The presentation of the insurance policy was necessary in the case of Home Insurance Corporation v. CA
[21]
(a case
cited by petitioner) because the shipment therein (hydraulic engines) passed through several stages with different parties
involved in each stage. First, from the shipper to the port of departure; second, from the port of departure to the M/S
Oriental Statesman; third, from the M/S Oriental Statesman to the M/S Pacific Conveyor; fourth, from the M/S Pacific
Conveyor to the port of arrival; fifth, from the port of arrival to the arrastre operator; sixth, from the arrastre operator to the
hauler, Mabuhay Brokerage Co., Inc. (private respondent therein); and lastly, from the hauler to the consignee. We
emphasized in that case that in the absence of proof of stipulations to the contrary, the hauler can be liable only for any
damage that occurred from the time it received the cargo until it finally delivered it to the consignee. Ordinarily, it cannot
be held responsible for the handling of the cargo before it actually received it. The insurance contract, which was not
presented in evidence in that case would have indicated the scope of the insurers liability, if any, since no evidence was
adduced indicating at what stage in the handling process the damage to the cargo was sustained.
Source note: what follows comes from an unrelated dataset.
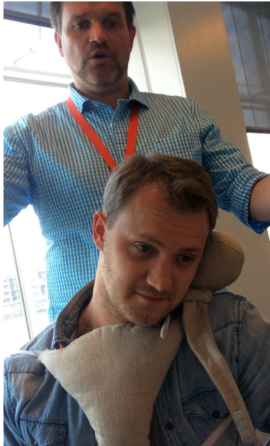
Figure 2. MobileHCI '15 workshop on Mobile Collocated Interactions With Wearables .

http://www.funkydesignspaces.com/collocated_wearables/

Hence, our ruling on the presentation of the insurance policy in the said case of Home Insurance Corporation is not
applicable to the case at bar. In contrast, there is no doubt that the cargo of industrial fuel oil belonging to Caltex, in the
case at bar, was lost while on board petitioners vessel, MT Maysun, which sank while in transit in the vicinity of Panay
Gulf and Cuyo East Pass in the early morning of August 16, 1986.
WHEREFORE, the instant petition is DENIED. The Decision dated June 17, 1996 of the Court of Appeals in CA-
G.R. CV No. 39836 is AFFIRMED. Costs against the petitioner.
SO ORDERED.
Bellosillo, (Chairman), Mendoza, Quisumbing, and Buena, JJ., concur.